I want to create a simple gru which counts the number of ones in a sequence of 0s and 1s. Example

input = 100110, output = 3

input = 101, output = 2

input = 10001110101, output = 6

This is the way I have made my model.

```
class Counter(NN.Module):
def __init__(self, input_size,hidden_size, output_size):
super(Counter, self).__init__()
self.embed = NN.Embedding(input_size,hidden_size,)
self.hidden_size = hidden_size
self.output_size = output_size
self.gru = NN.GRU(hidden_size,hidden_size, batch_first = True,)
self.linear = NN.Linear(hidden_size, output_size)
def forward(self,inputs, hidden = 0):
embedded = self.embed(inputs)
gru_out, gru_hid = self.gru(embedded)
final_out = self.linear(gru_out[:,-1])
return final_out
```

Now I make an object of this class with input size = 2 (0 or 1 which goes in embedding), hidden size = 5, and output size = 1 (total count of 1s in the number).

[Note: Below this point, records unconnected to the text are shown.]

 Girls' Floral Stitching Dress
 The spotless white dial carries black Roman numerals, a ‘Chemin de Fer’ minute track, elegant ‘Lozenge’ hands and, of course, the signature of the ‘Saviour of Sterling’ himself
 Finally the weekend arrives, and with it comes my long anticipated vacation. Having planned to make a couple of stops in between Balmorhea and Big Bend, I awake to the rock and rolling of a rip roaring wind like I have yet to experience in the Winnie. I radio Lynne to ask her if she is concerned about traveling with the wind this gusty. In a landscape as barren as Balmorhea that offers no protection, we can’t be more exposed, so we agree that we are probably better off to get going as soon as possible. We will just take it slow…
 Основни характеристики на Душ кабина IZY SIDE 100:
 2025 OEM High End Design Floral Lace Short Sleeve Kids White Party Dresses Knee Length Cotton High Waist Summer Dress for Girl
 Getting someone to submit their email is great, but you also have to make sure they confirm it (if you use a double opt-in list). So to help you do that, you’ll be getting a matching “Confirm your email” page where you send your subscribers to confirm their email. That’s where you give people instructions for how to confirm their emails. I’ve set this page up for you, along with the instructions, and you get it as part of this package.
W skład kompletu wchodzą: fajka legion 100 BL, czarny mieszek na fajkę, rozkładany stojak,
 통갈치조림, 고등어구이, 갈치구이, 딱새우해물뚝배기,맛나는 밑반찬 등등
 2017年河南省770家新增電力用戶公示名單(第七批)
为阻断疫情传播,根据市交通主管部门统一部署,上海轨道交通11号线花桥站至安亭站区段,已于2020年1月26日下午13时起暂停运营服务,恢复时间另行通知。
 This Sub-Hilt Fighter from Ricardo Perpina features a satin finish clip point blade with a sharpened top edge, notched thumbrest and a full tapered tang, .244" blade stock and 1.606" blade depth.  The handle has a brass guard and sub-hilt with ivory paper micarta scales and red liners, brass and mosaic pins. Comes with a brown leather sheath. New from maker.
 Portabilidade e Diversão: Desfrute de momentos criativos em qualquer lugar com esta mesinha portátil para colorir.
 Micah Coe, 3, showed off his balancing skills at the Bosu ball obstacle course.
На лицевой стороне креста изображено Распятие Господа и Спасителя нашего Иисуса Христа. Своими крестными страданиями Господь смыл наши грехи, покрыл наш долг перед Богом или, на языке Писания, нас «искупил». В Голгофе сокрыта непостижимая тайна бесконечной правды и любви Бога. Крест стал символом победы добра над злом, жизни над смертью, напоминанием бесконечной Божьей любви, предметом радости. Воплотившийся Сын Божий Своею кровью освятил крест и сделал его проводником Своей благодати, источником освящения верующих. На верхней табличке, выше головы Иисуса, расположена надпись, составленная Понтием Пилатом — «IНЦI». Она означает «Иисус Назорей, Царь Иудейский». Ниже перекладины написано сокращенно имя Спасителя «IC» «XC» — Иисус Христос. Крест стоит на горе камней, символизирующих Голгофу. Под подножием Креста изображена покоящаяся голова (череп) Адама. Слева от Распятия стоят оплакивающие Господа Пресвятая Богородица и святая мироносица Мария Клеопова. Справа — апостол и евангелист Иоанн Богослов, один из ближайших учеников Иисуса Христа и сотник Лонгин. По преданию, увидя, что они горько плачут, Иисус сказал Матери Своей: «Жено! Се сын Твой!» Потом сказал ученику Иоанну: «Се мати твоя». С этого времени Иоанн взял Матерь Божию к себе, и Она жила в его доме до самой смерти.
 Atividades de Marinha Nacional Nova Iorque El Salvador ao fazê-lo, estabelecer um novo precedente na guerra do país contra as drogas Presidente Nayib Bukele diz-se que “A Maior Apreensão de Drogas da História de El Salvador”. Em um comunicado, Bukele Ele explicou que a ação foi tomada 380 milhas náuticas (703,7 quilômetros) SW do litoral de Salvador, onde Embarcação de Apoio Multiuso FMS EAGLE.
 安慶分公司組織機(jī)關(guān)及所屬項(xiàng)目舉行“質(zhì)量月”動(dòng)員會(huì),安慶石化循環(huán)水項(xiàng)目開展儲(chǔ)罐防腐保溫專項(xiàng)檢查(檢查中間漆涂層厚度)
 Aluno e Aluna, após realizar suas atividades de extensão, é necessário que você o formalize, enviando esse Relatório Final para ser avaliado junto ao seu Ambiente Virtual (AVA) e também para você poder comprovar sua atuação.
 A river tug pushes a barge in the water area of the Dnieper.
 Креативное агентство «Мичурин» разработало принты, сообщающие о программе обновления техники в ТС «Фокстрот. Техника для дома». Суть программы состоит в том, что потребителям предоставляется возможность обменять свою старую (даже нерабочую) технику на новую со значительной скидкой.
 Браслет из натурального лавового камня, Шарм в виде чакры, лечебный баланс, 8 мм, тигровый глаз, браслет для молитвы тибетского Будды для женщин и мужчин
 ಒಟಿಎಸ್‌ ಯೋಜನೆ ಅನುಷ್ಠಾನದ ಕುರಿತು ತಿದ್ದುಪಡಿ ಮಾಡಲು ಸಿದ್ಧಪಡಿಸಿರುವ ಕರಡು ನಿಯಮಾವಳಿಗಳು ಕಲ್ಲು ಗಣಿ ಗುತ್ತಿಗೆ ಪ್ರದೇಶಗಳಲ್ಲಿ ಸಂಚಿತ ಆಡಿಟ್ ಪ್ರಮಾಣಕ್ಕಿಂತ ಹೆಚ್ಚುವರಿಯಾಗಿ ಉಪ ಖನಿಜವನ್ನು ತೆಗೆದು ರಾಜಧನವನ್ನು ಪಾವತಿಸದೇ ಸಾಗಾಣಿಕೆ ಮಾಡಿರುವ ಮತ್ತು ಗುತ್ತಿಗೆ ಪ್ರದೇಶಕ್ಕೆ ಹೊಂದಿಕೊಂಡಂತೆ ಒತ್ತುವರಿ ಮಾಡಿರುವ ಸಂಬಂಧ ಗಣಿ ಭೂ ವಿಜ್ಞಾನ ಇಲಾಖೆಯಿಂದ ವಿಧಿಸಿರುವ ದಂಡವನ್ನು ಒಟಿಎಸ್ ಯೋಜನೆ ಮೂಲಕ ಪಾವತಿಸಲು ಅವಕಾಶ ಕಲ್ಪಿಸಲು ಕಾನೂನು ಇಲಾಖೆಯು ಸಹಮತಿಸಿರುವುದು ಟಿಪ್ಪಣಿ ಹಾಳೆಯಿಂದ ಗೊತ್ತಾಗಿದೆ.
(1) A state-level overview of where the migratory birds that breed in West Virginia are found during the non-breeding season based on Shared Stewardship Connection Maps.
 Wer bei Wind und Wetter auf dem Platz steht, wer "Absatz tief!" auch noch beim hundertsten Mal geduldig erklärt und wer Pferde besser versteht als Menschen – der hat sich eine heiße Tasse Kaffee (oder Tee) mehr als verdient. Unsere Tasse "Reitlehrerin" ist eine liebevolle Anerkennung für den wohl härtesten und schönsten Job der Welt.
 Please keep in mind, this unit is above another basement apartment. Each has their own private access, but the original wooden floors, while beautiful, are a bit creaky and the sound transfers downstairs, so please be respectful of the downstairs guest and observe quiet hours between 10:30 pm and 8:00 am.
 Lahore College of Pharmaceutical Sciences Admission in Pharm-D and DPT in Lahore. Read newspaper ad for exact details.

The losses and optimizer are:

```
cc = Counter(2,5,1)
criterion = NN.MSELoss()
optimizer = optim.SGD(cc.parameters(),lr = 0.01)
```

I am making my inputs and outputs through this function:

```
def get_number(digits = 10):
ones = np.random.choice(digits)
l = [1 if i < ones else 0 for i in range(digits)]
l = np.random.permutation(l)
return l, ones
```

Now I am simply iterating multiple times to train. I also used scheduler and decaying learning rate. But I am not getting any good results. All I get is some value (close to average value of ones).

```
digits = 10
for r in range(iterations):
cc.zero_grad()
inputs = []
labels = []
for b in range(batch_size):
p,q = get_number(digits)
inputs.append(p)
labels.append(q *1.0)
outputs = cc.forward(torch.tensor(inputs))
loss = criterion(outputs, torch.tensor(labels))
temp_loss.append(loss.data.numpy())
loss.backward()
optimizer.step()
```

So here, since digits = 10, therefore I will get a model which predicts some value close to 5 everytime.

I guess it has something to do with gru, hidden layer because that is something which is still unclear to me. Please help.